Placements / Marchés

L'euro a atteint jeudi un nouveau plus bas depuis mars face au dollar, après un discours du gouverneur de la Banque centrale européenne (BCE) Mario Draghi qui divise les analystes.

Vers 14H30 GMT (16H30 heure de Paris), l'euro valait 1,2117 dollar après avoir atteint son plus bas niveau depuis début mars vers 14H20 à 1,2115 dollars. Mercredi vers 21H00 GMT, l'euro valait 1,2161 dollar.

La monnaie unique européenne perdait du terrain face à la devise japonaise à 132,42 yens, contre 133,07 yens la veille au soir.

Le billet vert reculait aussi face à la monnaie nipponne à 109,27 yens, après avoir atteint en début d'échanges asiatiques un nouveau plus haut depuis février à 109,47 yens.

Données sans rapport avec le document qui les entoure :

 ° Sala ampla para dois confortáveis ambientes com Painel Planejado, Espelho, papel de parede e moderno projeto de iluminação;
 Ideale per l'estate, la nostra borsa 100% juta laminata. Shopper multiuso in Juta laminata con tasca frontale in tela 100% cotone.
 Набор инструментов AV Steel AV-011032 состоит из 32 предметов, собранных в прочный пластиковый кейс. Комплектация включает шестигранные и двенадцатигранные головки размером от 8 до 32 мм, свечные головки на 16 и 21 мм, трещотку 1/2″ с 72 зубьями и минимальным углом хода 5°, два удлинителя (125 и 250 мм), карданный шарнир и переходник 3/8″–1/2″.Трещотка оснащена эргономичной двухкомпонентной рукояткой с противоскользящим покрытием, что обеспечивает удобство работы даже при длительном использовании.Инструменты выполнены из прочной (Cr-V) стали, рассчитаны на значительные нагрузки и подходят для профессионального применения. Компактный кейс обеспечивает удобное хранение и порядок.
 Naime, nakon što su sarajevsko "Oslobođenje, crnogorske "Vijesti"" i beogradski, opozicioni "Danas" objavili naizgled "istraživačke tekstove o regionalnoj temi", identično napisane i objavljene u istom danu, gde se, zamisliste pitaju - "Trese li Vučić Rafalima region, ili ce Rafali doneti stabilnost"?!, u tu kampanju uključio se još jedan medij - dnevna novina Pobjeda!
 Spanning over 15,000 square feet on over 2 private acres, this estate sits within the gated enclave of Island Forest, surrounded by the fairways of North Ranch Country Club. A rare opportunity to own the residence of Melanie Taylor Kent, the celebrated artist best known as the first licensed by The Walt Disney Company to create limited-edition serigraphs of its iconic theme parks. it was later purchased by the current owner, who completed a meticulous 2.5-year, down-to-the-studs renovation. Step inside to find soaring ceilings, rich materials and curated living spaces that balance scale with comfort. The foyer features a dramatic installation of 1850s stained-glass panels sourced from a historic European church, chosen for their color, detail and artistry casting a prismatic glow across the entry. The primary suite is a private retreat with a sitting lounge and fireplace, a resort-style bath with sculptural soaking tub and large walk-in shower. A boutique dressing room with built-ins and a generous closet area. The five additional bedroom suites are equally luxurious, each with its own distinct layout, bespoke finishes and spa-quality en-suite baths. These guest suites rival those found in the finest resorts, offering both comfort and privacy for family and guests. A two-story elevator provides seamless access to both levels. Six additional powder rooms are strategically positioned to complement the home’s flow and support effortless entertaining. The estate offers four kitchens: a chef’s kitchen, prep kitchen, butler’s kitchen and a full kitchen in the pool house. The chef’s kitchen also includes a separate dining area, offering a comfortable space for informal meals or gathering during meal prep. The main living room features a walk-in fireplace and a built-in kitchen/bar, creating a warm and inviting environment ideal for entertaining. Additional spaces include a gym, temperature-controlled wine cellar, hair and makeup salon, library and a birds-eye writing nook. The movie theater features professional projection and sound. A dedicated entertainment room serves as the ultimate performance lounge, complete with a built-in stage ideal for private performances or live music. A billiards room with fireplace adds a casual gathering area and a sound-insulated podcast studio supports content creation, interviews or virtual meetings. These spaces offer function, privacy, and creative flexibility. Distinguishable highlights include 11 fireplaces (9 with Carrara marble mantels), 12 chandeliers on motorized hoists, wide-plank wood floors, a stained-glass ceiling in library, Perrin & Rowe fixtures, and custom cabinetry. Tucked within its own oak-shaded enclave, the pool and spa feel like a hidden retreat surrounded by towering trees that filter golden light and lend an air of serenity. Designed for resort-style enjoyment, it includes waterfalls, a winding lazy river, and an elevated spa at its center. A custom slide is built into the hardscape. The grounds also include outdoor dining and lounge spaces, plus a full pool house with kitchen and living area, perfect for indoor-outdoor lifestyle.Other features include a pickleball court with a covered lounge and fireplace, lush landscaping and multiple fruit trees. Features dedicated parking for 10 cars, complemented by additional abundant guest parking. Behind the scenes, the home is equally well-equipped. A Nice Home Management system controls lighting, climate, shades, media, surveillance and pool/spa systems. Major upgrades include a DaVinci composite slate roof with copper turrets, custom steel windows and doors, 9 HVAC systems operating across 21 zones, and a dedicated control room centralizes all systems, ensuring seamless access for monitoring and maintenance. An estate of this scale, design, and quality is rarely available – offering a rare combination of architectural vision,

Mercredi, vers 21H00 GMT, le dollar valait 109,43 yens.

Comme prévu par les analystes, la BCE a laissé ses taux inchangés.

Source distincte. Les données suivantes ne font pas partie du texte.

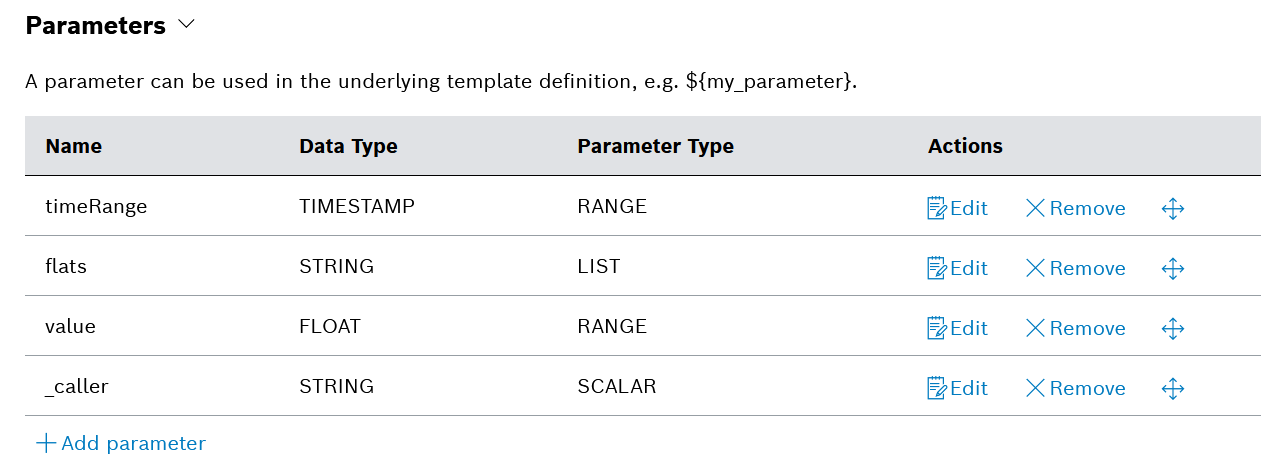 → The parameters should look like this: - In the Template Definition section, enter the following query:
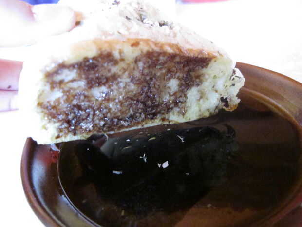 Mezclar8 cucharadas de vinagre balsámico y 6 cucharadas de aceite de oliva en un plato y le sumergen Focaccia en él. Yummm!
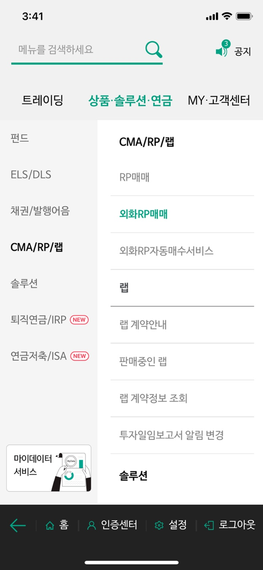 ๋๋ฌด์ฑ ์คํ ํ ์ํ·์๋ฃจ์ ·์ฐ๊ธ > CMA/RP/๋ฉ > ์ธํRP๋งค๋งค ์ ํ
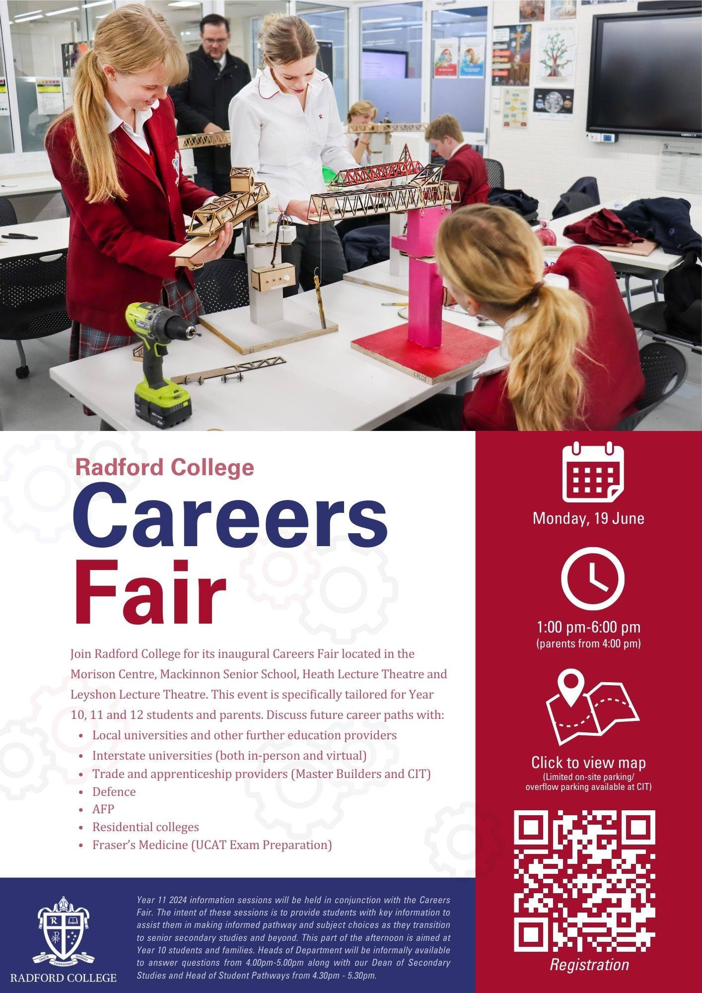 Join Radford College for its inaugural Careers Fair located in the Morison Centre, Mackinnon Senior School, Heath Lecture Theatre and Leyshon Lecture Theatre.

En revanche, les propos de Mario Draghi, particulièrement scrutés par les analystes, n'ont pas été perçus de la même manière par tous les acteurs du marché.

Si M. Draghi a adopté un ton "moins prudent qu'attendu", pour Lee Hardman, analyste pour MUFG, il a au contraire été "un peu plus frileux" concernant les perspectives économiques, selon Carsten Brzeski, économiste chez ING.

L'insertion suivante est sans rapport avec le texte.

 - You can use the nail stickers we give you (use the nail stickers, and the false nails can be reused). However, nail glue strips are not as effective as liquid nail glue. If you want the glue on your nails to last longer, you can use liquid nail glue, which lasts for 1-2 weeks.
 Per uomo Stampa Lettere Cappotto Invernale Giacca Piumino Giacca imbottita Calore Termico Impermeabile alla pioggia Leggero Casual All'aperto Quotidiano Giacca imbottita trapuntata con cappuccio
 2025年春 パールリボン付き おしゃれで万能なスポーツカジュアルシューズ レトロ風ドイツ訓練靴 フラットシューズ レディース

M. Draghi a dit observer une "certaine modération" de la croissance en zone euro et s'est inquiété de l'aggravation des "menaces protectionnistes", mais, en même temps, il n'a pas signalé de changement dans sa politique monétaire, qu'il compte progressivement normaliser.

"La BCE continue de s'attendre à une future croissance solide et reste confiante concernant son objectif en matière d'inflation", légèrement en dessous des 2%, a poursuivi M. Hardman, pour qui les inquiétudes soulevées sur les menaces protectionnistes étaient trop lointaines et vagues pour retenir l'attention des marchés.

"Il a conclu en indiquant que les risques mondiaux étaient dans l'ensemble équilibrés", a ajouté Alastair George, économiste à l'Edison Investment Research.

"Contrairement aux précédentes réunions, la BCE n'a mentionné que des raisons de craindre une baisse (de la croissance) et n'évoque plus la possibilité d'un emballement", a néanmoins souligné M. Brzeski.

Ces divergences de points de vue se sont répercutées sur le cours de l'euro qui s'est d'abord apprécié face au dollar, lors de la conférence de presse, avant de retomber à un nouveau plus bas depuis mars.

Concernant, le calendrier de normalisation, comme attendu, rien n'a filtré, M. Draghi se contentant d'affirmer que l'institution n'avait pas encore discuté de la prochaine réunion qui doit se tenir en juin.

Confrontée récemment à une série de mauvais indicateurs dans la zone euro, la monnaie unique s'est affaissée en une semaine face au dollar qui, lui, a profité de la hausse des rendements du Trésor à des niveaux plus vus depuis plusieurs années.

La hausse des rendements signifie que le marché s'attend à un relèvement des taux directeurs de la Réserve fédérale américaine, ce qui aurait comme conséquence de rendre le dollar plus rémunérateur et donc plus attractif pour les cambistes.

Vers 14H30 GMT, l'or valait 1.318,50 dollars, contre 1.323,12 dollars mercredi à 21H00 GMT.

Le bitcoin valait 8.770,88 dollars, contre 9.073,19 dollars mercredi soir, selon des chiffres compilés par le fournisseur de données financières Bloomberg.

La monnaie chinoise valait 6,3313 yuans pour un dollar, contre 6,3266 yuans mercredi à la clôture.